In fact, ErisX has located the hardware (servers etc.) upon which its matching engine software runs in a Tier 1 datacenter facility in New Jersey that services a high density of major financial firms including traditional exchanges, brokers and trading firms as well as communications firms, enabling all new and traditional participants to quickly and efficiently gain access to our markets.
Participants that already have a presence in this datacenter can connect to ErisX's matching engine via a cross-connect and our FIX API. Additionally, ErisX offers connectivity to its matching engine over the internet via Websocket API.
There is nothing extraordinary about this model. In fact, deploying an exchange in a data center gives exchange operators the greatest control of their entire infrastructure from network firewalls and switches to servers.
This control enables exchange infrastructure to be precision-calibrated to create the most reliable, consistent and performant (lowest absolute latency and variability in latency) experience, promoting fairness amongst market participants. Participants can, in turn, precision-tune their trading systems and automated trading strategies; market participants that host their trading infrastructure in a datacenter (vs. the cloud) benefit from the same level of control and precision tuning. This is a good thing.

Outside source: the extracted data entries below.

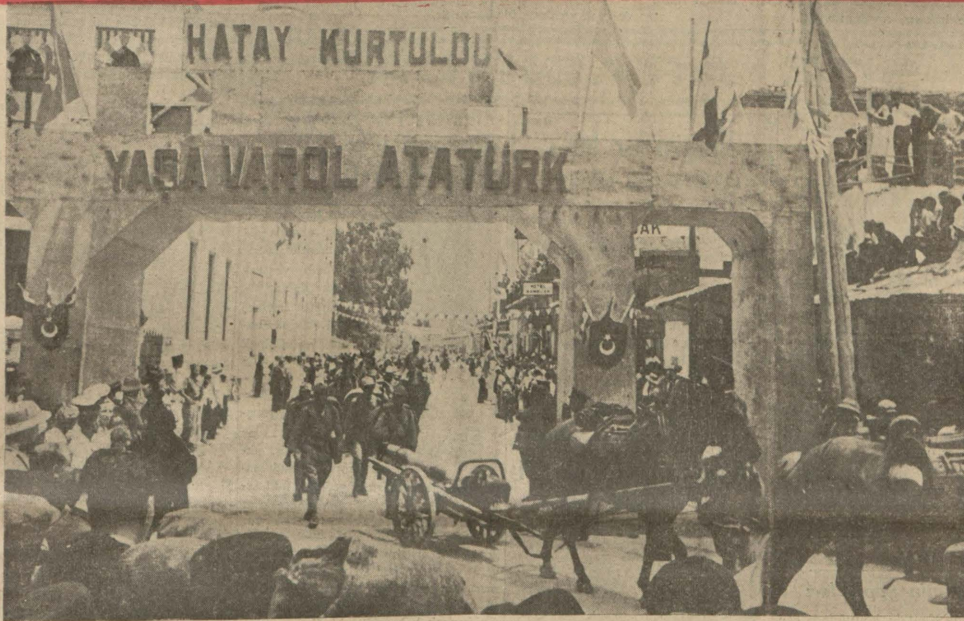
Kahraman askerlerimizin İskenderuna girişleri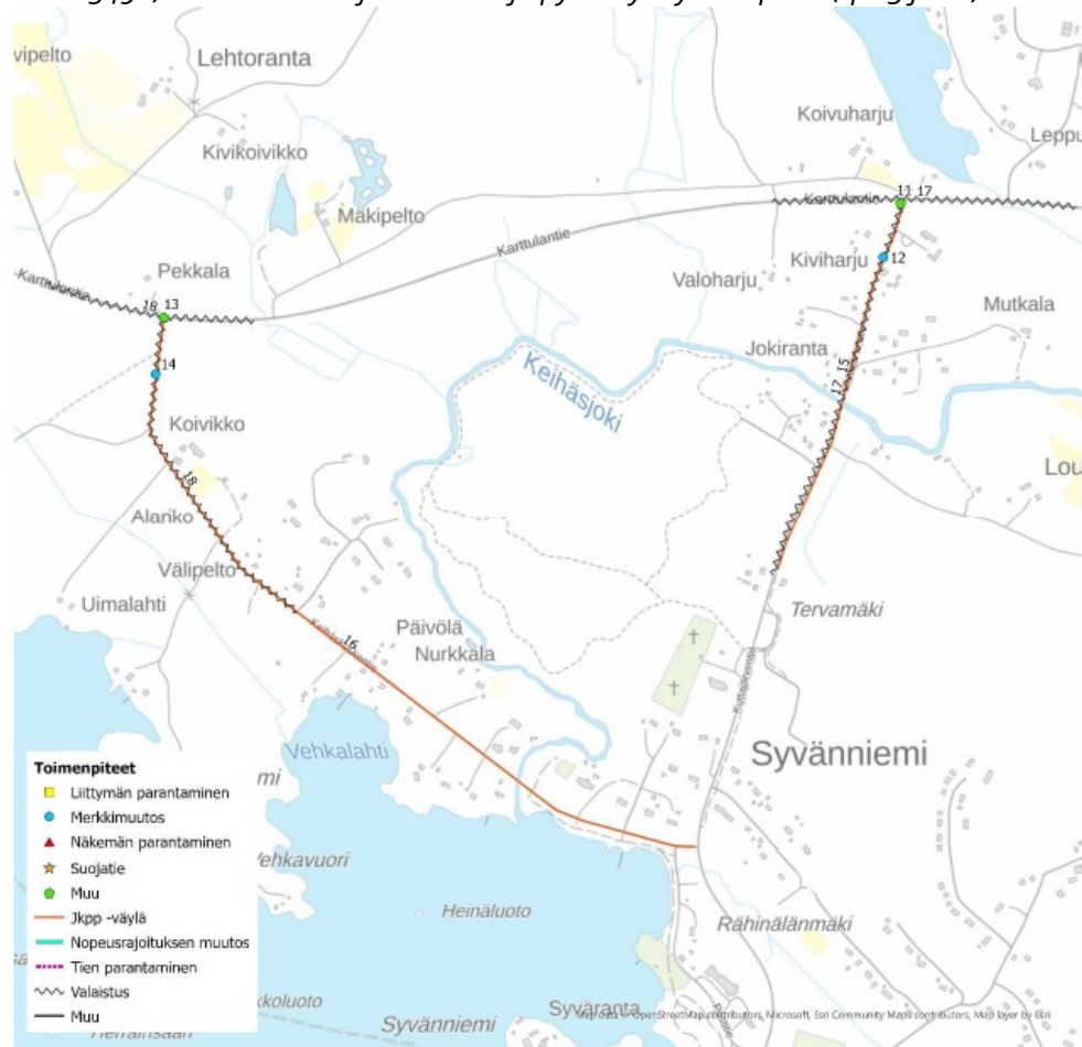
Kuva 14. Syväniemen alueelle esitetyt toimenpiteet.

Syvänniemen alueelle (kuva 14) Toimenpiteiksi esitetään Syväniemeltä Karttulantielle (mt 551) tulevien sekä Kuttajärventien (mt 5514) että Keihäskoskentie (mt 5492) liittymiin liittymä- ja väistämismuutokset merkintöjen parantamista lisäämällä liittymiin väistämismuutosten ennakkomerkit ja väistämiskiivot (tp 11-14). Karttulantielle on esitetty Kuttajärventien ja Ilopurontien liittymien sekä Keihäskoskentie liittymän valaistusta (tp 17 ja 18) sekä valaistuksen jatkamista molemmilla teillä nykyisistä päättymiskohdista Karttulantielle asti. Sekä Kuttajärventiellä (mt 5514) että Keihäskoskentiellä (mt 5492) on tunnistettu jalankulku- ja pyöräilyväylä tarpeita (tp 15 ja 16).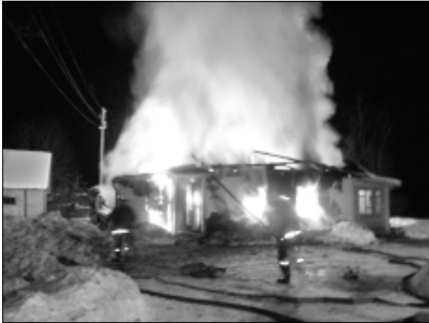
Deg veikals. Zinātāji saka, ka aukstā laikā vilkme ir īpaši laba un uguns paceļas gaisā augstu jo augstu.

Uzņēmējam Šķilbēnu pagastā pieder trīs veikali, un nodegušais bija viens no tiem. Tajā tirgoja pārtikas preces un pirmās nepieciešamības preces, kā jau laukos tas ierasts. Tagad Šķilbēnu centrā palikusi tikai degvielas uzpildes stacija. Uzņēmējs sola, ka veikals Šķilbēnos būs, bet vispirms novāks gruvešus, kas palikuši pāri no vecās ēkas.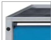
Schubladenschrank mit Antirutschmatte.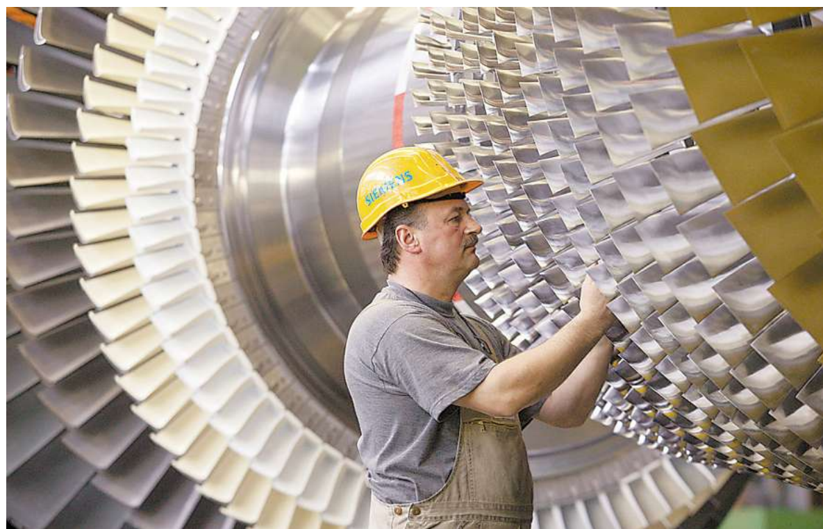
Investitionsgüter aus Deutschland wie diese in Bau befindlichen Gasturbinen der Siemens AG sind vor allem im Ausland gefragt. Doch die Weltbank rechnet 2005 mit einer Abschwächung der weltweiten Exportnachfrage.

Die deutsche Wirtschaft könnte bereits im zweiten Quartal einen neuen Rückschlag erleben, fürchten Volkswirte: „Es gibt ein nicht zu vernachlässigendes Risiko, dass die Wirtschaftsleistung im zweiten Quartal stagniert oder sogar fällt“, sagt Holger Fahrnkrug, Ökonom bei der Schweizer Großbank UBS. „Die Binnennachfrage bleibt wahrscheinlich schwach, und die hohen Ölpreise sind eine ernsthafte Gefahr für die deutsche Konjunktur“, betont auch Holger Schmieding von der Bank of America. Timo Klein, Deutschland-Experte der privaten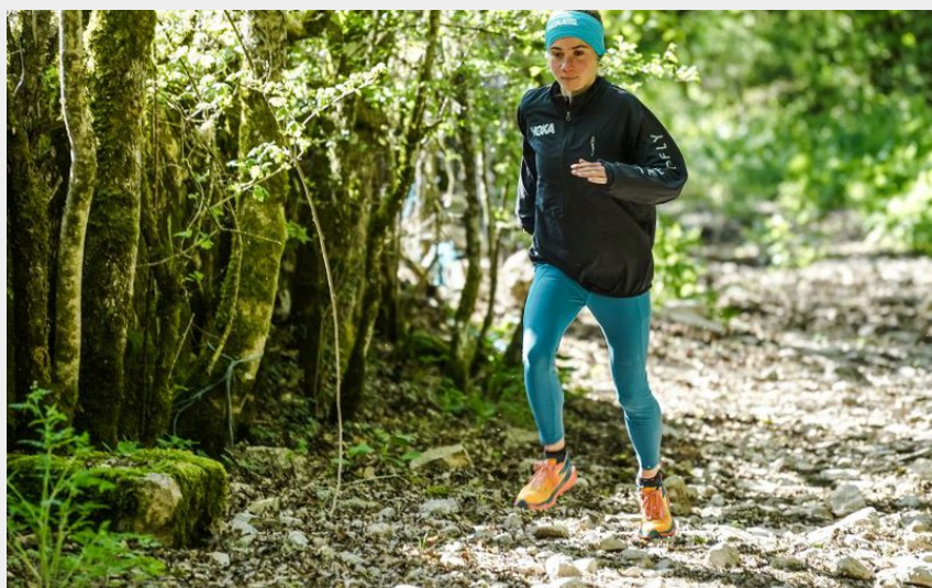
traileur- forêt (A. DESMIERS)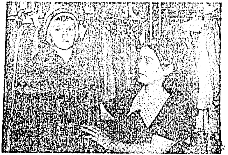
Un magazin bine aprovizionat cu îmbrăcăminte de sezon pentru copii — „Pionierul” din municipiul Arad.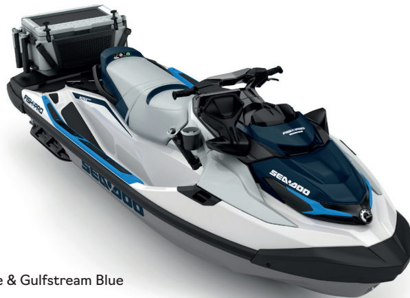
White & Gulfstream Blue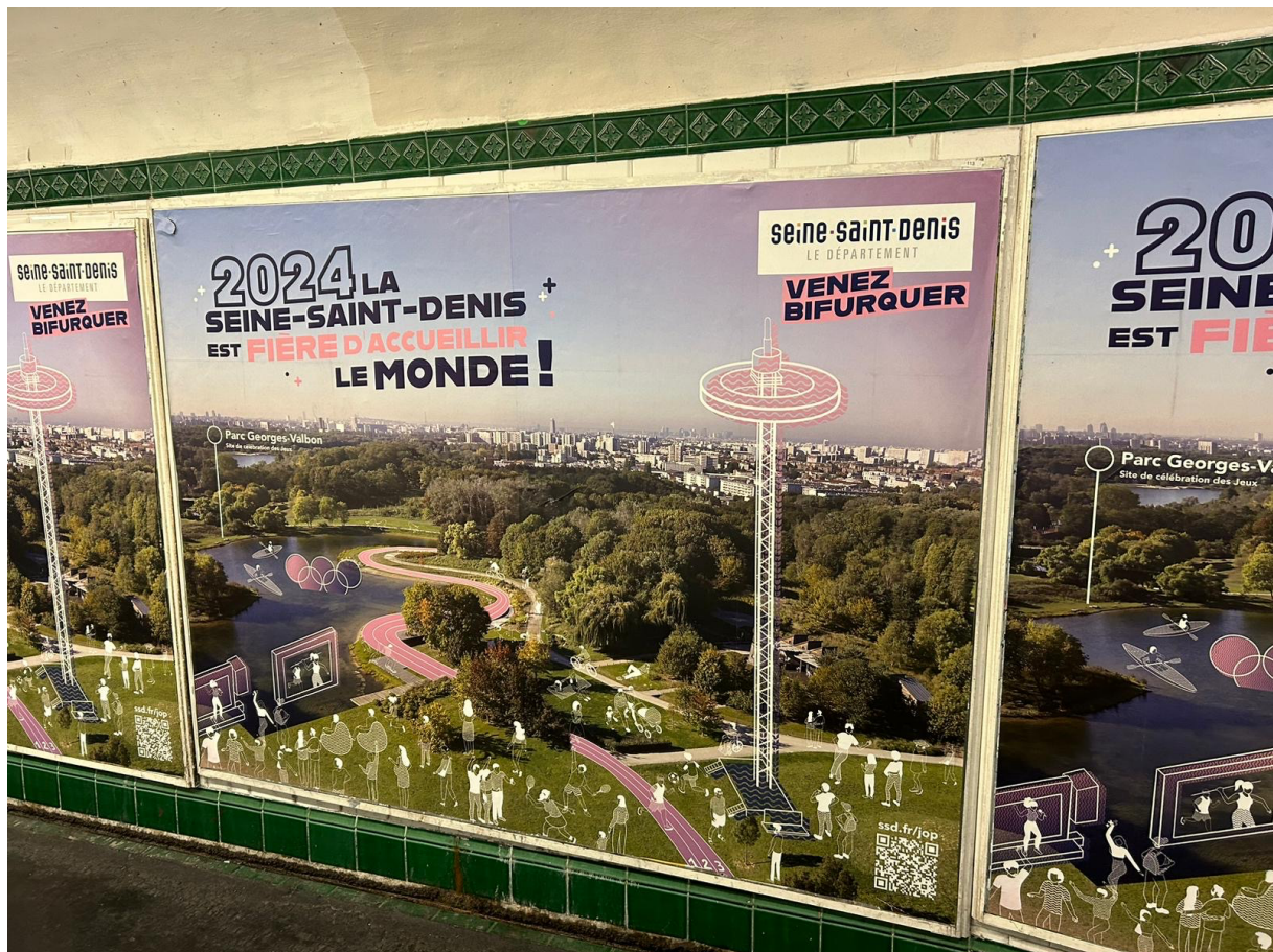
4. Campagne du département de la Seine-Saint-Denis sur l'accueil des Jeux olympiques (C. Ruggeri, 2024)

Cela se fait aussi en parallèle des projets ANRU (Agence nationale de la rénovation urbaine), comme le quartier Franc-Moisin et le centre-ville. On assiste donc à une accélération massive des projets, ce qui est d'ailleurs revendiqué par les élus comme une « chance » .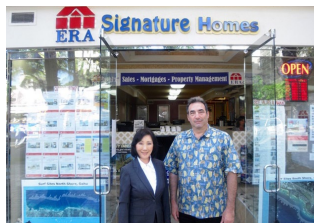
ERA Signature Homes (オフィス)

ERA (Electronic Realty Associates) は、ITを駆使し、日本国内だけでなく、世界52の国と地域に広がる国際ネットワーク。 1971年にアメリカで誕生して以来、世界の不動産業界で革新的リーダーとしての役割を担っています。イーアールエー・ジャ パンは、日本初のマスターフランチャイジー (FC) として1981年に発足し、全国にネットワークを広げてまいりました。住宅・ 不動産の売買や賃貸、そして建築・リフォームまで住に関する幅広いサービスを提供できる「住生活総合サービス業」への発 展を通じてお客様のお役に立つよう動いております。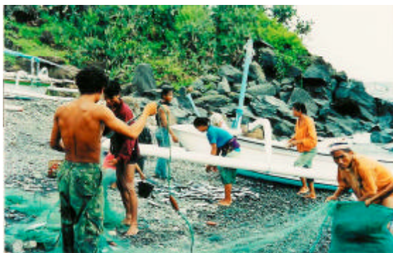
L'achat de filets leur permet de faire des pêches plus abondantes.

In contrast, cloud-based exchanges have less control over their infrastructure managed by the cloud operator in a shared general-purpose environment, and as a result cannot yet achieve the same level of reliability and performance offered by data center hosted exchanges.
To illustrate, at the risk of getting into the technical weeds, a world-class data center-hosted exchange may offer round-trip latency in the sub-100 microseconds (millionths of a second) range with 99th percentile consistency and the capability to process millions of orders per second, all with 99.99 percent uptime.
Cloud-based exchanges, on the other hand, may offer latency in the tens or hundreds of milliseconds (a thousand times slower) with less reliability, consistency and throughput due to the vagaries of internet routing algorithms. Further, cloud-based exchanges may rotate the location of the system running their matching engine periodically from one cloud datacenter to another, introducing even greater latency and inconsistency.
Low and predictable latency enables market participants to better manage their risk and pricing algorithms to ensure their best possible quotes are posted to exchanges creating high quality liquidity. In contrast, long round-trip order/quote/trade times resulting from high, unpredictable latency do not allow participants to react as fast to rapidly evolving market conditions. To compensate, participants may quote wider markets and thinner liquidity.
The CoinDesk article implies that by hosting in the cloud, exchanges create a fairer access model and/or protect retail investors. In fact, wider spreads and thinner liquidity are a detriment to all investors. The article also overlooks the reality that clouds run in data centers, and latency-sensitive market participants can locate their automated trading systems within, or close to the cloud data centers with or without explicit approval from exchanges – essentially unsanctioned “colocation.”
These firms access cloud exchanges faster than other participants, just with less reliability and determinism than with a data center-hosted exchange.
Automated market making and arbitrage, both forms of “high frequency trading” strategies, contribute to higher quality liquidity and markets, and the performance offered by data center-hosted exchanges enables these strategies to better manage risk and react to fast-moving markets.
In conclusion, we believe that constructive automated strategies and data center-colocated exchanges provide fair and consistent market performance with benefits for all participants.